Faced with declining sales, auto firms see room for growth via rent-a-car

Subscriptions, once the selling model of only newspapers and magazines and lately over-the-top platforms like Netflix, are becoming a revenue proposition for car companies in India
Maruti Suzuki, India’s largest carmaker, recently expanded the scope of its car subscription facility to new cities — Hyderabad and Pune — from five announced earlier.

The company is aiming to expand the business to around 60 cities in the next two-three years. It had rolled out its subscription plans on September 24 with the promise of offering the flexibility of driving without having to own the car. It had announced while this was available in select cities, it had planned to cover many more in the country.

“Over the next five years, we expect to garner nearly 3-4 per cent of our car sales in these cities through a subscription programme. We expect traction by providing competitive products to customers by leveraging our large dealership network and strong brand recognition and trust,” said Shashank Srivastava, executive director, marketing and sales, Maruti Suzuki.

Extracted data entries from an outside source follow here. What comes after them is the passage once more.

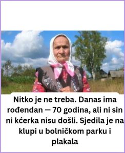 U ovoj priči se zapravo otkriva koliko ponekad zaboravnost i hladnoća mogu boljeti, čak i kada su srce i duša otvoreni za ljubav.Anna Petrovna bila je žena velikog srca, čije je življenje bilo posvećeno porodici. Njena ljubav i pažnja bile su neizmjerne, no upravo su je oni koje je najviše voljela napustili u njenim zlatnim godinama. Na njen sedamdeseti rođendan, Anna je sjedila u bolničkom parku, pod drvećem koje je šaptalo na vjetru, gdje je u tišini provela dan. Nije bilo radosnih čestitki, ni poziva, ni poklona – samo tišina, suze i prazna klupa. Očekivala je, barem, da će dobiti jedan telefonski poziv od svojih najbližih, ali nije bilo ni toga. Bila je sama.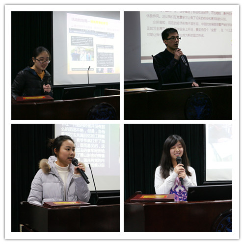 在主持人宣读完评比规则之后,本次活动正式拉开序幕。经过初次筛选后的14个班级代表依次上台,针对本班的党章学习活动和团日活动进行演讲汇报。有的班级组织同学去往宁波多个抗日根据地实地感悟,最终形成了一本《宁波抗日根据地遗迹探访报告》,有的班级以辩论赛、知识竞赛等形式组织理论学习活动。丰富多次的活动内容和深刻诚挚的诠释震撼了在场的老师和同学。接下来大家又欣赏到了各班就反法西斯战争胜利70周年精心绘制的手抄报。最终机电134、能源152荣获本次评比活动一等奖!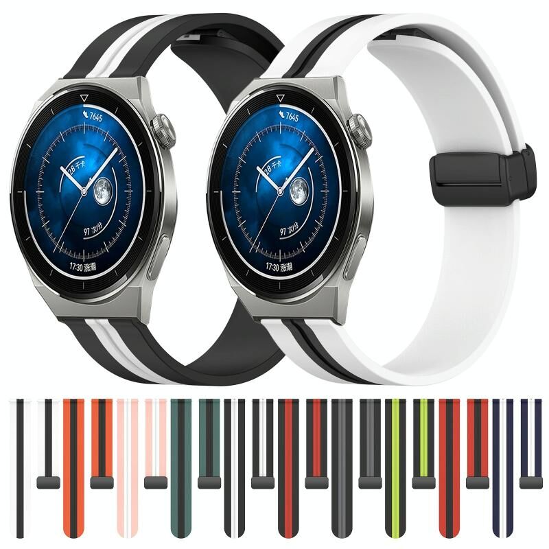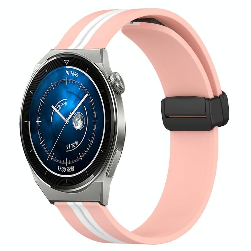 Για το Huawei Watch GT3 Pro 43mm 20mm Πτυσσόμενο μαγνητικό κούμπωμα ζώνη ρολογιού σιλικόνης (ροζ+λευκό)

For a company that sold 1.7 million vehicles in 2019, a 3 per cent sale from the subscription model is something that would change the face of such a business plan, considered nascent in India.

According to market research done by Maruti in 2019, nearly 25 per cent of the respondents said they would prefer to rent a car rather than buy one, and that potential addressable market for subscription is around 2 million in India.

The model has been widely used in developed countries with marquee carmakers such as GM and BMW offering such services.

Subscriptions, once the selling model of only newspapers and magazines and lately over-the-top platforms like Netflix, are becoming a revenue proposition for car companies in India, which have been grappling with the worst slowdown in more than two decades, beginning even before the pandemic came.

Peers like Hyundai Motor India, MG Motor India, Toyota Kirloskar, Tata Motors, and Volkswagen India have dabbled in car leasing and subscription-based models in the past two years. Tata Motors offers the Nexon EV through its subscription service. Toyota even set up a vertical — Toyota’s Mobility Service (TMS) — for the business.

Faced with declining sales, carmakers are targeting salaried individuals, working professionals, small and medium enterprises, companies, and public sector consumers. In these categories, they focus more on millennials since they are more prone to changing cars every three-five years.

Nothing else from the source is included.